设计工具
存储

Comparing BlueStore and FileStore block performance

瑞安梅雷迪思 | 2018年5月

Ceph BlueStore vs. FileStore: Block performance comparison when leveraging 微米 NVMe 固态硬盘s

BlueStore is the new 存储 engine for Ceph and is the default configuration in the community edition. BlueStore performance numbers are not included in our current 微米 Accelerated Ceph 存储 Solution reference architecture since it is currently not supported in Red Hat Ceph 3.0. I ran performance tests against the community edition of Ceph夜光(12.2.4) on our Ceph reference architecture hardware and will compare the results to the FileStore performance we achieved in RHCS 3.0在这个博客中.

4KB random write IOPS performance increases by 18%, average latency decreases by 15%, and 99.99% tail latency decreases by up to 80%. 4KB random read performance is better at higher queue depths with BlueStore.

块的工作负载 RHCS 3.0文件存储IOPS Ceph 12.2.4 BlueStore IOPS RHCS 3.0 FileStore平均延迟 Ceph 12.2.4 BlueStore平均延迟
4KB随机读 200万年 2.100万年 1.6ms 1.4ms
4KB随机写入 363K 424K 5.3ms 4.5ms

This solution is optimized for block performance. Random small block testing using the Rados Block Driver in Linux saturates platinum-level 8168 英特尔Purley processors in a 2-socket 存储 node.
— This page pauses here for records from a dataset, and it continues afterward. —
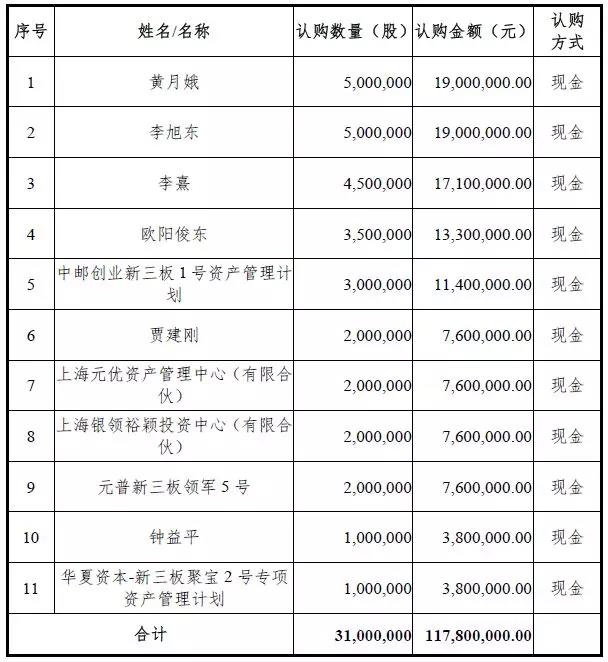 認(rèn)購(gòu)最多的自然人黃月娥和李旭東,分別認(rèn)購(gòu)了500萬(wàn)股,耗資1900萬(wàn)元,認(rèn)購(gòu)最多的機(jī)構(gòu)投資者中郵創(chuàng)業(yè)新三板1號(hào)資產(chǎn)管理計(jì)劃認(rèn)購(gòu)了300萬(wàn)股,耗資1140萬(wàn)元。
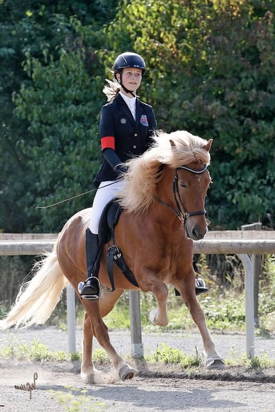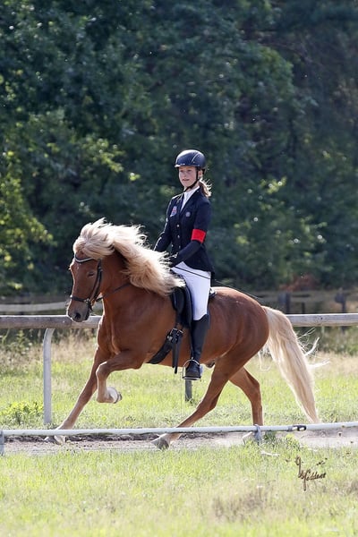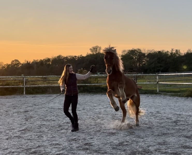 Lokkur est un hongre de 14 ans, doté d’un excellent pas cinq-gaité, d’un caractère exceptionnel et d’une origine prestigieuse (V: Kiljan frá Steinnesi). Il possède une grande expérience en compétition, mais convient également comme partenaire de loisirs de luxe. Son pas de race est facile à monter même pour des cavaliers peu expérimentés. Il possède un galop exceptionnellement bien sauté (notes jusqu’à 7,0) ! En trot, il peut également traverser la forêt à grande vitesse, et son tölt possède une excellente vélocité. Le tölt peut aussi s’effectuer en main détendue, et il a acquis une expérience significative en T4 lors de compétitions. En dressage en liberté, il est très avancé et prend énormément de plaisir à réaliser des figures de cirque (par ex. s’allonger sur commande). Il convient également parfaitement pour le travail en dressage. Très sociable et agréable, il peut être maintenu en paddock collectif sans problème. Il a un esprit très clair, ce qui lui permet de repartir au trot après une course ou un sprint en galop avec d’autres chevaux ou lors d’un passage en pas de race, sans stress. Il est idéal pour des cavaliers d’un niveau intermédiaire à confirmé. Lokkur souffre d’eczéma estival et doit être couvert et régulièrement soigné. C’est pourquoi je le propose à un prix réduit, de préférence dans des régions peu infestées par les moustiques. Après près de 10 années merveilleuses ensemble, je dois malheureusement m’en séparer, car je pars étudier et ne peux pas l’emmener avec moi. Pour toute question ou pour plus d’informations/vidéos, n’hésitez pas à me contacter !
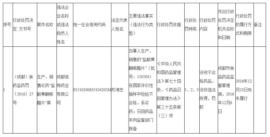 成都倍特藥業(yè)生產(chǎn)銷售劣藥被查處
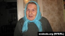 — Тая кніжка прыйшла мне. І там усё тагдашняе. Таго часу. Напісана нават, як па-вулічнаму завуць людэй у нас. Па нашым раёне ўсё там ёсьць. Фатаздымкі. Быў такі замкультуры Выргун Вася, то він там е на фотографіі. Яго замучылі ў лягеры нашы, НКВД. Яна мне напомніла ўсё маё жыцьцё. Твій бацька і Бойцік не далі мяне ў Германію забраты. Анцута быў загадчык магістрата. Я там была сакратаром-машыністкаю. Яны мяне ўзялі, і я так перажыла Германію.
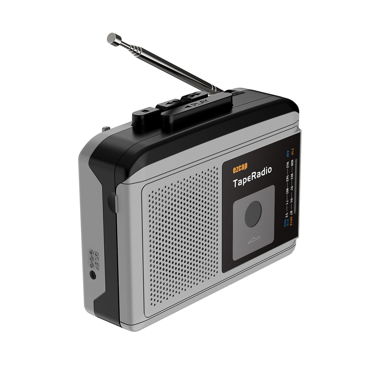Features:Press PLAY tape button to play tape and you can hear music from speaker, or you can also use an wired earphone to listen to music.
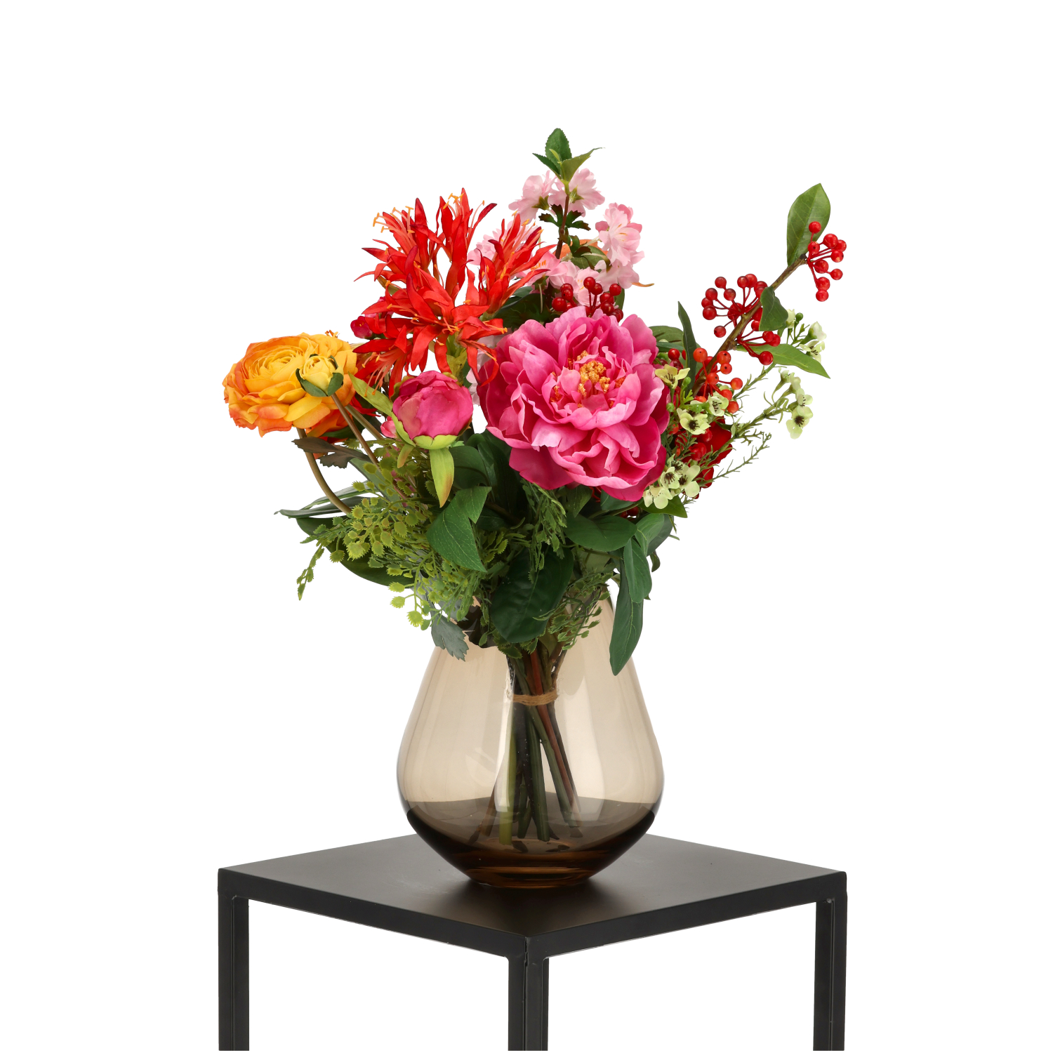 Dit boeket komt prachtig tot zijn recht in combinatie met de Tasman S taupe D18 x H20 cm (apart verkrijgbaar). De combinatie van de vaas en het boeket zorgt voor een elegante uitstraling.
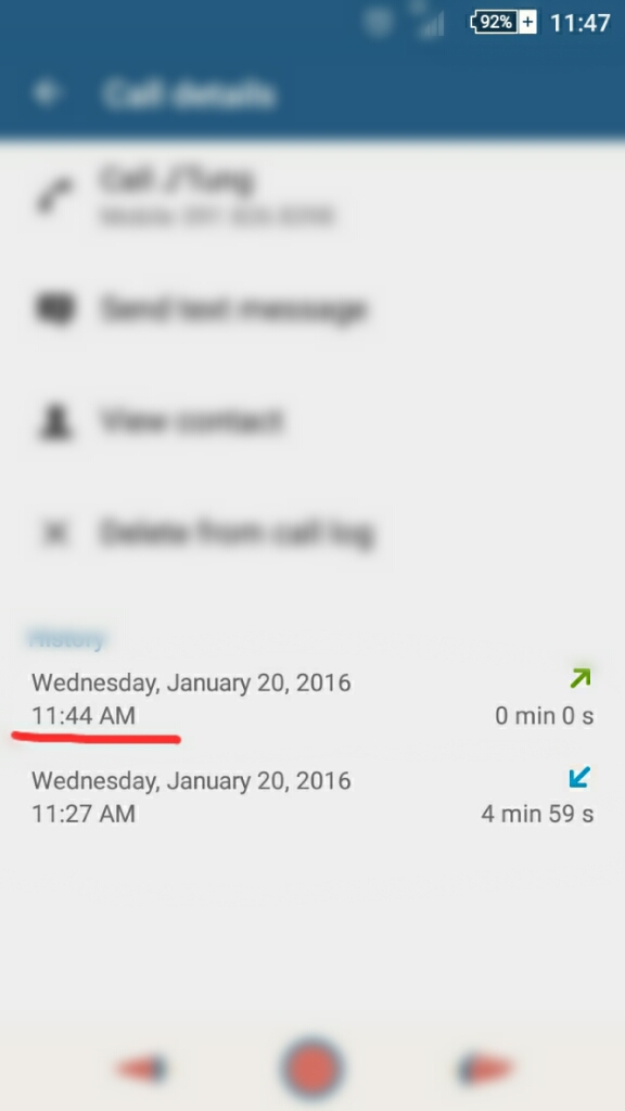 รูปนี้คือรายละเอียดของที่โทรเข้า-ออก จะเห็นได้ว่าที่มีชื่อในcall log เพราะโทรเข้า1 ครั้ง เราโทรออก1 ครั้งแต่ยังไม่ได้คุย
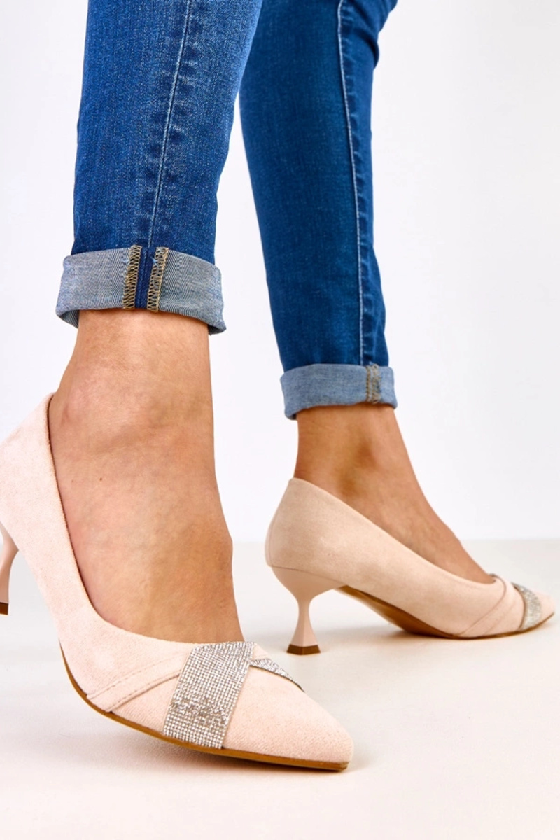 Beige High Heels mit niedrigem Absatz und Zirkonia, Tajlana
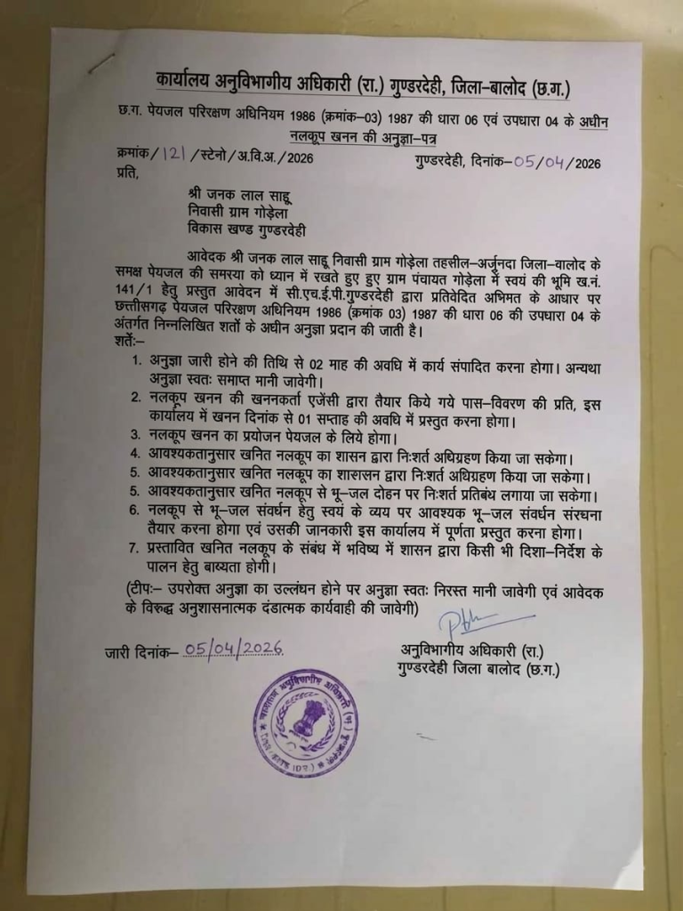 जानकारी के मुताबिक, ग्राम गोड़ेला निवाली जनक लाल साहू ने यह फर्जी लेटर तैयार किया है. मामला सामने आने के बाद एसडीएम गुंडरदेही द्वारा जनक लाल साहू के खिलाफ थाने में मामला दर्ज कराने का आदेश दे दिया है। ज्ञात हो कि शासन द्वारा बिना अनुमति किसी भी तरह के बोर खनन पर प्रतिबंध लगा दिया गया है। बहुत आवश्यक होने पर एसडीएम कार्यालय से अनुमति प्राप्त की जा सकती है, लेकिन इसके पूर्व विभाग द्वारा जांच कर ली जाती है कि सचमुच में बोर की आवश्यकता है या नहीं अर्थात बहुत कठिनता से यह अनुमति पत्र जारी होता है। जनक लाल साहू ने पांच अप्रैल की तारीख में यह अनुमति पत्र देकर बोर खनन कराया है।
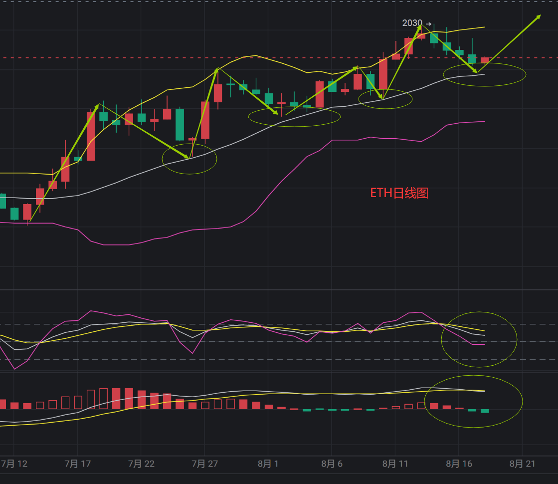 以太坊行情在日内继续稳定在1800上方,行情两次1820附近反弹,短线目前还是处于窄幅震荡,日线行情在昨日跌破BBI均线支撑后,行情在今日再次上上BBI均线,日线目前还是处于BOLL中轨上方,震荡上行趋势线目前完好,短线4小时行情BOLL收口,行情承压BOLL中轨下方,KDJ指标三线在20轴金叉向上,MACD指标绿色空心动能柱缩量减量,短线 4小时目前有反弹上行的迹象,晚间关注BOLL中轨压力,破位行情有继续上行的动能,综合来看:周K在本周回撤未跌破BBI均线支撑,日线行情在 BOLL中轨上方止跌,继续延续前段时间中轨附近的强支撑,短线目前在晚间有继续反弹的迹象,建议还是以低多为主,具体策略建议会在公众号给出,扫描下方二维码免费获取
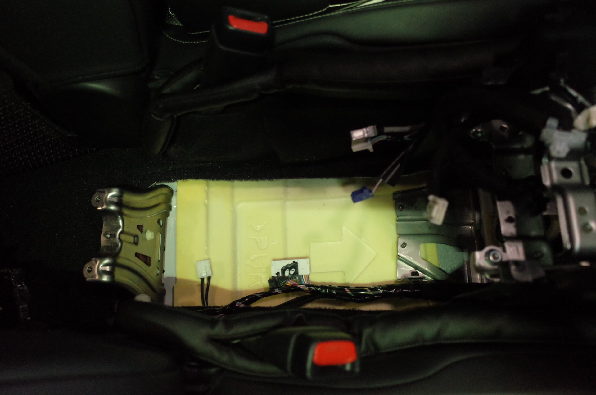 レクサスのマークレビンソンオーディオは外部アンプを搭載しています。今回はセンターコンソール下ということで
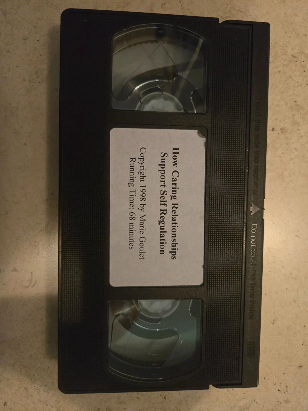Gifting a VHS tape titled "How Caring Relationships Support Self Regulation" by Marie Poulet. Copyright 1998. Running time is 68 minutes. Almost 30 years later, attachment theory is saying the same stuff!!

With 10 drives per 存储 node, this architecture has a usable 存储 capacity of 232TB that can be scaled out by adding additional 1U 存储 nodes.

参考设计-硬件

SuperMicro switches, monitor nodes, and 存储 nodes

测试结果及分析

Ceph测试方法

Red Hat Ceph 存储.0 (12.2.1) is configured with FileStore with 2 OSDs per 微米 9200MAX NVMe 固态硬盘. A 20GB journal was used for each OSD.

Ceph发光社区(12.2.4) is configured with BlueStore with 2 OSDs per 微米 9200MAX NVMe 固态硬盘. RocksDB and WAL data are stored on the same partition as data.

In both configurations there are 10 drives per 存储 node and 2 OSDs per drive, 80 total OSDs with 232TB of usable capacity.

The Ceph 存储 pool tested was created with 8192 placement groups and 2x replication. Performance is tested with 100 RBD images at 75GB each, providing 7.5TB of data on a 2x replicated pool, 15TB of total data.

4KB random block performance was measured using FIO against the Rados Block Driver. We are CPU limited in all tests, even with 2x Intel 8168 CPUs per 存储 node.

RBD FIO 4KB随机写入 Performance: FileStore vs. BlueStore

BlueStore provides a ~18% increase in IOPS and a ~15% decrease in average latency.

 

Blue bar graph showing 4KB random write IOPS + average latency

There is also a large decrease in the tail latency of Ceph at higher FIO client counts with BlueStore. At 100 clients, tail latency is decreased by 4.3X. 在较低的客户机数量下, tail latency for BlueStore is higher than FileStore because BlueStore is pushing higher performance.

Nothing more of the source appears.